Disposition: The Board found the District unlawfully changed the workday without providing notice and an opportunity to bargain. The Board also held that equitable tolling applied to find the charge timely filed.
Perc Vol: 33
Perc Index: 36
602.01000 – In General
School district employer unilaterally imposed a 4/10 workweek on classified employees during two summer months. Contract language giving employer right to change particular employee’s shift for “compelling business necessity” did not give employer right to unilaterally change workday from eight to ten hours for all employees.
602.03000 – Change In Policy
Unilateral change of employees’ workweek, even though change lasted only two months, had a generalized effect or continuing impact on the bargaining unit, and thus was not a mere contract violation, because the employer claimed the parties’ collective bargaining agreement allowed it to unilaterally make the change and therefore the employer might make a similar change in the future.
608.07000 – Waiver by Union; Contract Waivers; Bargaining History Estoppel; Disclaimer; Supersession
Contract language allowing employer to institute a 4/10 workweek “with the concurrence of the affected unit employee(s)” did not waive union’s right to bargain over imposition of a 4/10 workweek on all unit employees.
1101.01000 – In General
Six month statute of limitations in EERA section 3541.5(a)(1) is not jurisdictional. In PERB unfair practice proceedings, the statute of limitations is an element of the charging party’s prima facie case that the charging party bears the burden of proving at hearing. The portions of Long Beach Community College District (2003) PERB Decision No. 1564 and Walnut Valley Unified School District (1983) PERB Decision No. 289 stating that the statute of limitations is an affirmative defense that must be raised and proved by the respondent are overruled.
1101.03000 – Computation of Six-Month Period
Six-month limitations period was equitably tolled while parties utilized written interim grievance procedure. Even though charging party never formally invoked the interim grievance procedure, the parties’ conduct was consistent with the steps set forth in the procedure.
1101.06000 – Statutory and Equitable Tolling
The statute of limitations is tolled during the period of time the parties are utilizing a non-binding dispute resolution procedure if: (1) the procedure is contained in a written agreement negotiated by the parties; (2) the procedure is being used to resolve the same dispute that is the subject of the unfair practice charge; (3) the charging party reasonably and in good faith pursues the procedure; and (4) tolling does not frustrate the purpose of the statutory limitation period by causing surprise or prejudice to the respondent.
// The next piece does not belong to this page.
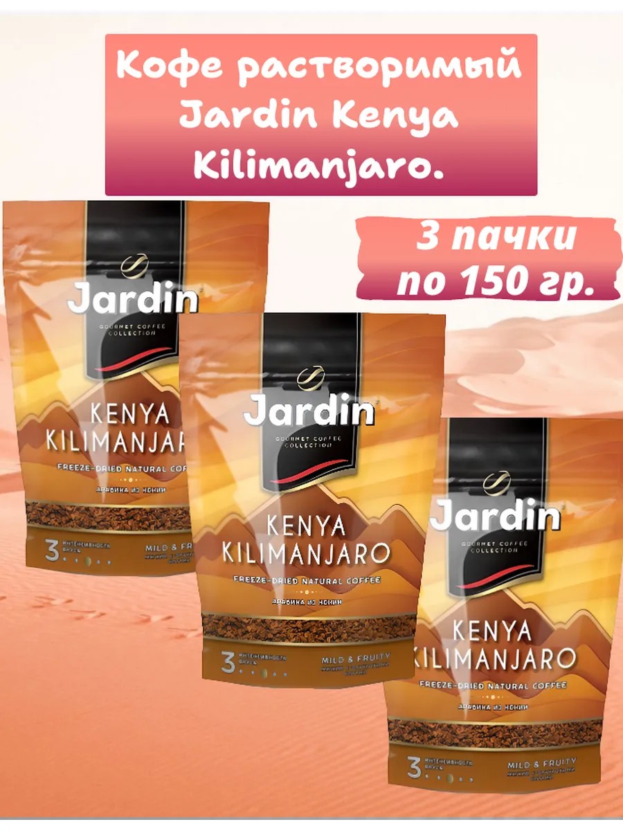 Кофе растворимый Jardin Kenya Kilimanjaro, 150 г -Кофейные зерна, выращиваемые в Кении – это одни из наиболее ярких и необычных видов арабики, известные замечательной мягкостью вкуса. Растворимый сублимированный кофе Zhardin Keniya kilimandzharo — 100% натуральный, изготовлен из моносорта арабики. Отличается тончайшим ароматом с искристыми цитрусовыми нотками, которые завершаются неожиданным и радующим послевкусием сладких ягод. Этот сорт замечателен для употребления с молоком, идеально раскрывающим его фруктовые мотивы.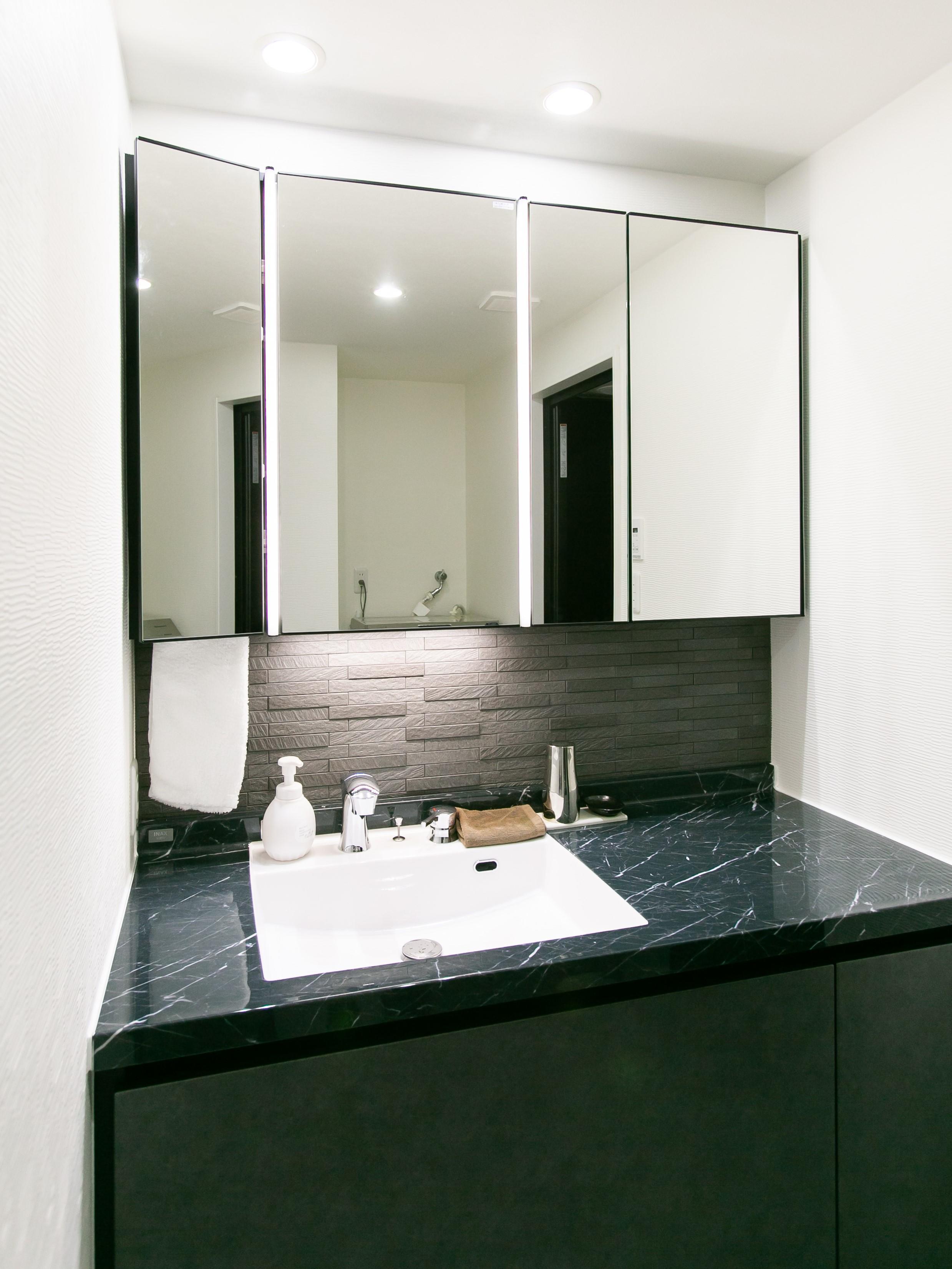 洗面化粧台はLIXILの『ルミシス』をご採用いただきました。さらなる高級感を追求し大理石の質感を再現した「ラピシアカウンター」を採用し、まるでホテルのドレッサーのような洗面化粧台になりました。 タテに配置したLED照明で顔に影を作らない「フェイスフルライト」は、化粧ムラや髭のそり残しのチェックにもおすすめ。手を差し出すだけで照明をオン・オフ・調光できる「タッチレススイッチ」、手を差し出すだけで吐水できる「タッチレス水栓(ナビッシュ)」は、非接触が求められる今にこそおすすめの機能です!ミラーキャビネットと洗面台の間には、『エコカラット』が貼ってあります。エコカラットは、心地いい湿度を保つ調湿機能、気になるにおいをすっきり脱臭、住まいの有害物質を低減、お手入れも水拭きでさっと簡単な壁材です。水まわりにはもちろん、結露やカビ、ダニの発生が気になるお部屋にもおすすめです。

Equitable tolling applies even if the charging party seeks a different remedy before PERB than it sought in the non-binding dispute resolution process. Limitations period was equitably tolled while parties utilized written interim grievance procedure. Even though charging party never formally invoked the interim grievance procedure, the parties’ conduct was consistent with the steps set forth in the procedure.
1101.07000 – Waiver; Estoppel
In PERB unfair practice proceedings, the statute of limitations is an element of the charging party’s prima facie case that the charging party bears the burden of proving at hearing. Therefore, a respondent’s failure to raise the statute of limitations as an affirmative defense in its answer does not waive the issue of timeliness.
1107.01000 – Exceptions; Responses to Exceptions; Standing; Extensions of Time/Late Filing/Waiver
Exceptions contained a document not introduced at hearing and thus not part of the record on appeal. Presentation of new evidence to the Board on appeal is governed by the same standard applied to requests for reconsideration based on discovery of new evidence. Exceptions did not contain declaration under penalty of perjury establishing grounds for considering the new evidence, as required by PERB Regulation 32410(a). Accordingly, the Board did not consider the new evidence in deciding the case.
1201.03000 – Back Pay; Interest
Based on a finding that the employer unlawfully imposed a 4/10 workweek on employees, the Board ordered the employer to restore vacation credits and compensatory time off to employees who used those forms of leave to avoid working 10-hour days. The Board also ordered the employer to pay back pay with interest to employees who used leave without pay to avoid working 10-hour days. The Board denied the union’s request for overtime pay because the record did not establish that the employer’s unilateral implementation of the 4/10 workweek caused employees to lose overtime hours to which they otherwise would have been entitled.